Lanskelir

De Taleius

La fable de Lanskelir, ou le voyage par delà le ciel

Oyez oyez braves gens, fils et fille de bonne famille, rejetons des rues, petits et grands ! Venez ouïr les actes de bravoure passés, laissez vous bercer par la fable de Lanskelir…

Du temps où les monts s'étendaient jusqu’aux cieux, où les forêts étaient encore vives, où les lacs n’étaient que plaines et les mers moins nombreuses, vivait un homme solitaire, grand amoureux de la nature, du ciel, des nuages, des animaux et de tout ce qui vivait.

Curieux et naïf, il parcourait les vallées et les marais, les déserts et les forêts, semant sur son passage les graines de la compassion et apportant sa sagesse aux populations. Partout où il passait, la nature lui souriait. Les grottes les plus sombres s’éclairaient sur son passage. Les lacs les plus froids s'adoucissaient devant ses pas. Les montagnes les plus hautes courbaient l’échine pour alléger son voyage. Les animaux les plus vils cherchaient à se racheter auprès de lui. Les êtres les plus bons pleuraient de joie de croiser sa route. Les êtres les plus mauvais expiaient leurs fautes à sa vue. La terre d’ici bas et toutes ses créatures l’aimaient tellement que le ciel en vint à le jalouser.

Un matin, alors que Lanskelir soignait une biche blessée, le ciel décida d’agir. Soufflant, mugissant haut dans les montagnes, il précipita la neige sur les flancs du plus haut des monts en direction de celui qui éclipsait sa grandeur. Mais la biche, sentant arriver le danger, prévient l’aimé des bêtes et, avec toutes les créatures des bois, ils s’abritèrent au sommet d’une colline. Il observa le ciel, lui sourit, rit et pardonna.
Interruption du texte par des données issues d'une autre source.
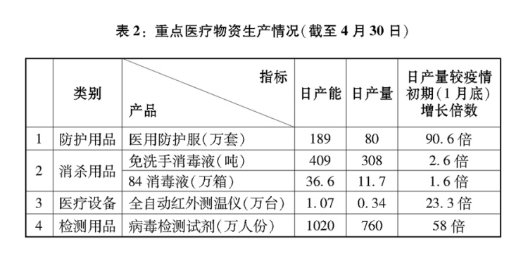 大力加强医疗物资生产供应和医疗支持服务。疫情防控阻击战,也是后勤保障战。疫情初期,武汉市医疗防护物资极度短缺,为了节省防护用品、争分夺秒抢救病患,一线医护人员克服困难,最大限度地延长防护用品使用时间。为尽快解决医疗资源短缺和病患急剧增多的突出矛盾,中国充分发挥制造业门类全、韧性强和产业链完整配套的优势,克服春节假期停工减产等不利因素,开足马力,深挖潜力,全力保障上下游原料供应和物流运输,保证疫情防控物资的大规模生产与配送。医疗企业克服工人返岗不足等困难,以最快速度恢复医疗用品生产,最大限度扩大产能。其他行业企业迅速调整转产,生产口罩、防护服、消毒液、测温仪等防疫物资,有效扩大了疫情防控物资的生产供应。快速启动防控医疗物资应急审批程序,全面加强质量安全监管,确保以最快的速度批准上市、促产保供,截至5月31日,共应急批准17个药物和疫苗的19件临床试验申请,附条件批准2个疫情防控用药上市。在各方共同努力下,医用物资产能不断提升,医用物资保供实现从“紧缺”到“紧平衡”“动态平衡”“动态足额供应”的跨越式提升(表2)。2月初,医用非N95口罩、医用N95口罩日产量分别为586万只、13万只,到4月底分别超过2亿只、500万只。畅通供应链条和物流渠道,建立联保联供协作机制,源源不断地把全国支援物资运送到疫情防控重点地区。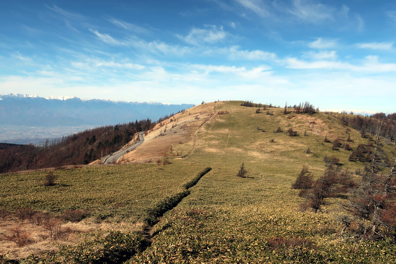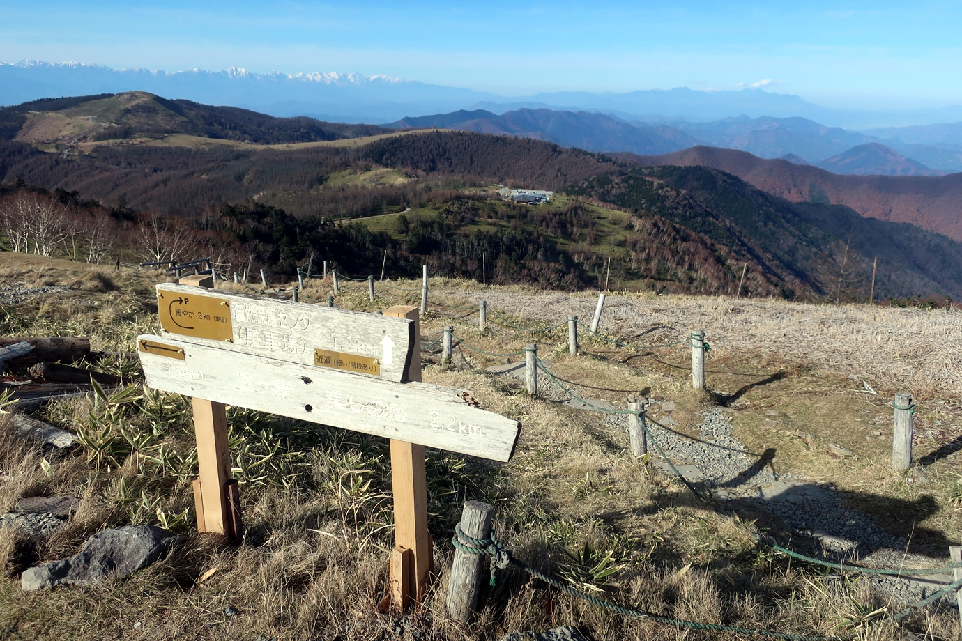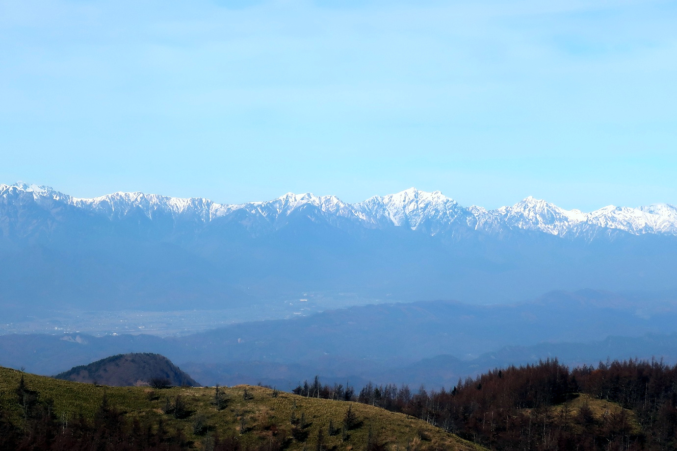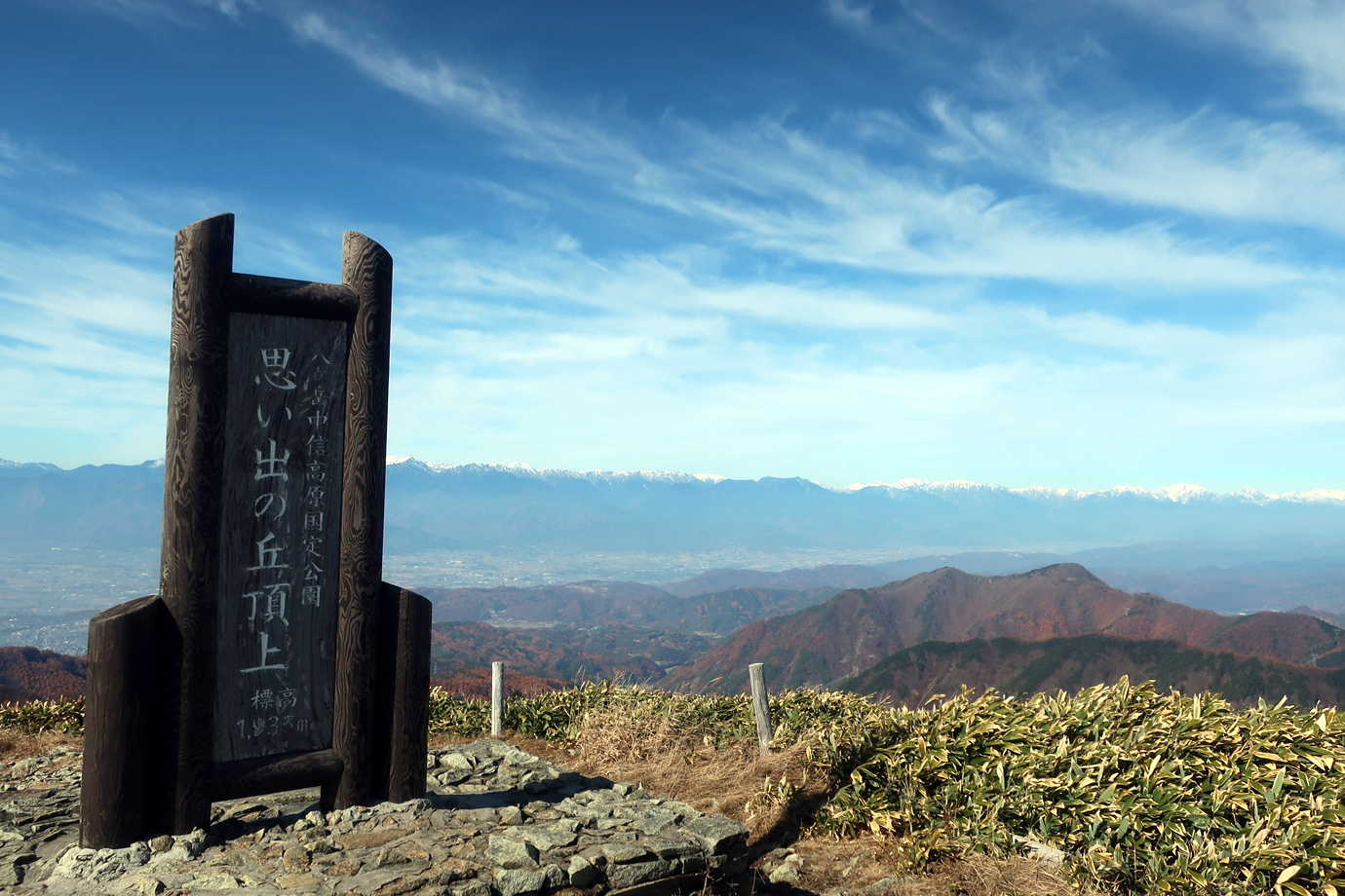 この思い出の丘、駐車場から10分かからずに行ける場所ですが、北アルプスをはじめとした周囲の景色はすごいんです。ただ、次に到着する武石峰、そして王ヶ鼻、王ヶ頭からも似たような景色を見ることができるので、ここでは割愛。

Un jour, alors que Lanskelir étanchait sa soif à un cours d’eau frais, le ciel s’approcha de lui, prêt à abattre celui qui parvenait à lui faire de l'ombre. Tournoyant, fulminant, il décrocha l’une des nombreuses étoiles du firmament et l'envoya s’écraser sur l’aimé des eaux. Mais le cours d’eau, renvoyant le reflet du danger, permit à Lanskelir d’échapper à son triste sort. Il observa le ciel, lui sourit et pardonna.

Un après-midi, alors que Lanskelir dormait sous les ramures d’un immense chêne, le ciel se pencha sur le monde, saisissant ce moment d’inattention pour faire vibrer sa colère sur celui qui faisait pâlir son éclat. Frappant de toute sa fureur, il lança sur l’aimé de la terre sa puissance. Alerté par le craquement de l’orage, le chêne étira ses branches, encaissant la fureur des cieux de tout son être. Réveillé en sursaut, Lanskelir s’en alla chercher le ruisseau et sauva l’arbre millénaire. Il observa le ciel et pardonna.

Une nuit, alors que Lanskelir était auprès d’un village pour partager ses voyages et ses histoires, le ciel s’invita au-dessus de la population qui accueillait celui qui brillait plus que lui. Se tordant, se déchirant, il fit hurler le vent, tomber la pluie, tant et si bien que les maisons furent arrachées du sol, emportant femmes, hommes et enfants. Ne restait plus que Lanskelir, retenu par la terre. La tempête passée, il observa le ciel. Mais il ne pardonna pas.

Décidé à agir, il prit la direction du nord, s’en allant chercher conseil auprès de son jeune ami à la grande sagesse, le dragon d’argent. Avec son aide, il retourna la force du ciel contre lui et se servit de sa plus grande fierté. Avec son aide, il créa pour la première fois de ses propres mains. Pour la première fois, il ne souriait pas. Pour la première fois, il tenait de quoi se défendre. Pour la première fois, il s'élevait contre autrui. Et pour la dernière fois, son cœur se ferma.

Il partit aux confins du monde, cherchant le point où le ciel et la terre s’effleuraient, où les éléments se déchainaient, où il affronterait celui qui lui voulait tant de mal. Les animaux s’écartaient sur son passage. Les ruisseaux se taisaient à l’approche de ses pas. Les montagnes tremblaient sous son poids. Les êtres s’abritaient en le voyant approcher. La terre pleurait.

Enfin, il atteint les plus hautes montagnes du monde. Par trois fois, il trouva l’endroit. Par trois fois, le ciel lui échappa. Par trois fois, le ciel se moqua. À l’aube de sa quatrième tentative, il agrippa le ciel, le tirant sur la terre dans une étreinte sauvage et impitoyable avant de s’élancer avec lui vers les confins des cieux, bien au-delà du firmament. Et depuis, le ciel ne jalouse plus celui qui l’outrepassa. Car plus jamais on ne revit Lanskelir. Et la terre pleure toujours.